━━ Source records ━━

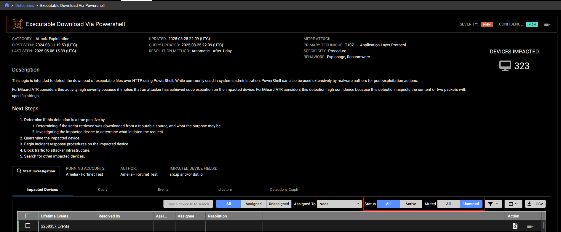 When you click a detection in the timeline, you are pivoted the Triage Detections details page. This page has been updated to include the Status and Muted filters. By default, the page shows All detections and Unmuted detections.
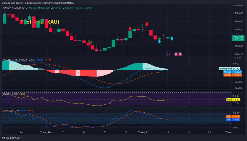 - Nếu giá vàng giảm xuống dưới mức 1.920 USD (SMA 200 ngày) và bắt đầu sử dụng mức đó làm mức kháng cự, thì 1.900 USD (mức tâm lý) và 1.890 USD (mức thoái lui Fibonacci 38,2%) có thể được xem là mục tiêu giảm giá tiếp theo.
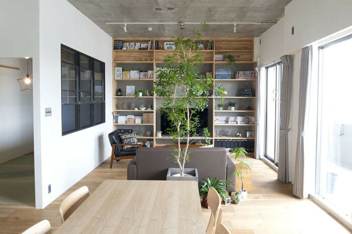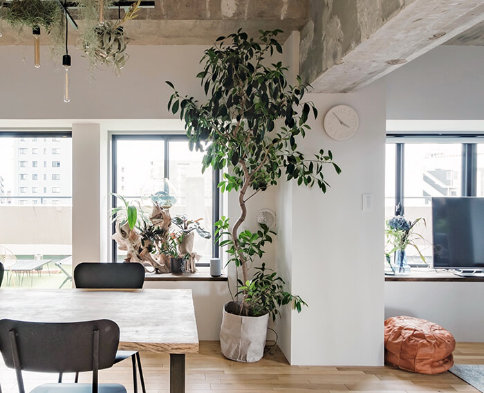 空間を豊かに彩る「シンボルツリー」リビングには存在感のある1本をLEE。
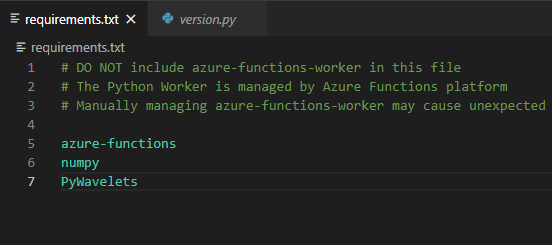 我的azure函数使用python模块pywavelets,它需要依赖于numpy。这是我的requirements.txt
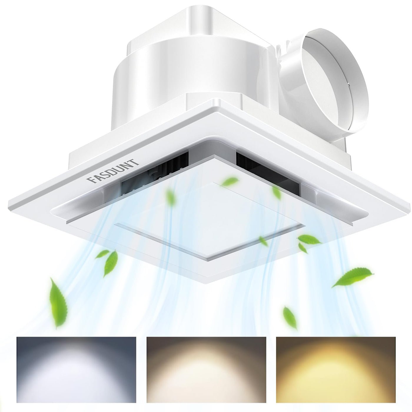 Q: Can I adjust the light color temperature on the FASDUNT Bathroom Exhaust Fan?A: Yes, the FASDUNT Bathroom Exhaust Fan features a 3-color light adjustable system. You can easily switch between 3000K warm yellow, 4000K natural light, and 5000K bright white by toggling the switch.
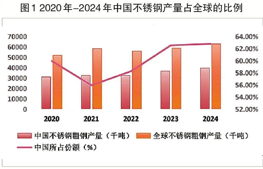 ▼▲“十四五”期间,中国不锈钢粗钢产量基本保持稳步增长态势●▲□。2020年,中国不锈钢产量为3103.9万吨▲,受新冠疫情影响,2022年中国不锈钢出口量大幅下降,粗钢产量略有降低☆□。2023年新冠疫情结束后,中国不锈钢粗钢产量实现12•.59%的高速增长=◆,达到3667.6万吨▽▽▷,中国占全球不锈钢产量的比例跃升至62.54%。预计2025年不锈钢粗钢产量达到4100万吨,在全球的占比将进一步提高。
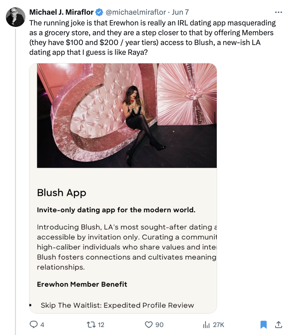 “男孩清醒” 趋势 到处都是。年轻女性放弃他们的 关系状态 来探索其他追求 — 书籍, 烘焙,任何事情 除了 男孩 — 而像 Hinge 和 Tinder 这样的约会应用程序 陷入困境 在它们的缺席中。即使没有发誓远离异性的女性也不再使用旧的应用程序来满足她们的梦想 啮齿动物男人。她们在 Wingman 上,这让你的朋友和家人充当媒人。或者她们在 Thursday,这个应用程序(你猜对了!)只在星期四工作。或者她们收到了邀请去 Blush,这是洛杉矶 Erewhon 顾客的约会应用程序:
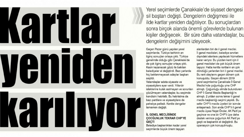 Geçen Pazar yapılan seçimde CHP yine çoğunluğu aldı. CHP 19, AK Parti 12, İYİ Parti 2 ve MHP 1 il genel meclis üyesi çıkardı. Bir önceki yerel seçimlerde CHP Çanakkale merkezde 4, AK Parti 2 il genel meclisi çıkarmıştı. Bu seçimde ise CHP yine 4, AK Parti 1, İYİ Parti de 1 il genel meclisi çıkardı. Bu sonuçlara göre İl Genel Meclisi’nin CHP’ye tekrar geçmesi bekleniyor. CHP, yine başkanlıkta anlaşamazsa bir önceki dönem gibi operasyonlar devreye girebilir.
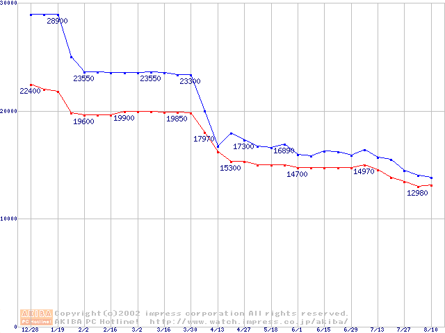 | [↑前グラフ]: | Socket 370 (FC-PGA2,FSB 133MHz,L2 512KB)の最安値推移 |

━━━

(Exercise): Given the listing above, repeat exactly the lines starting at the one with "我的azure函数使用pyt" and ending at the one with "趋势 到处都是。年轻女性放弃他们的 关系状态", inclusive, excluding pictures.

(Solution):
 我的azure函数使用python模块pywavelets,它需要依赖于numpy。这是我的requirements.txt
 Q: Can I adjust the light color temperature on the FASDUNT Bathroom Exhaust Fan?A: Yes, the FASDUNT Bathroom Exhaust Fan features a 3-color light adjustable system. You can easily switch between 3000K warm yellow, 4000K natural light, and 5000K bright white by toggling the switch.
 ▼▲“十四五”期间,中国不锈钢粗钢产量基本保持稳步增长态势●▲□。2020年,中国不锈钢产量为3103.9万吨▲,受新冠疫情影响,2022年中国不锈钢出口量大幅下降,粗钢产量略有降低☆□。2023年新冠疫情结束后,中国不锈钢粗钢产量实现12•.59%的高速增长=◆,达到3667.6万吨▽▽▷,中国占全球不锈钢产量的比例跃升至62.54%。预计2025年不锈钢粗钢产量达到4100万吨,在全球的占比将进一步提高。
 “男孩清醒” 趋势 到处都是。年轻女性放弃他们的 关系状态 来探索其他追求 — 书籍, 烘焙,任何事情 除了 男孩 — 而像 Hinge 和 Tinder 这样的约会应用程序 陷入困境 在它们的缺席中。即使没有发誓远离异性的女性也不再使用旧的应用程序来满足她们的梦想 啮齿动物男人。她们在 Wingman 上,这让你的朋友和家人充当媒人。或者她们在 Thursday,这个应用程序(你猜对了!)只在星期四工作。或者她们收到了邀请去 Blush,这是洛杉矶 Erewhon 顾客的约会应用程序:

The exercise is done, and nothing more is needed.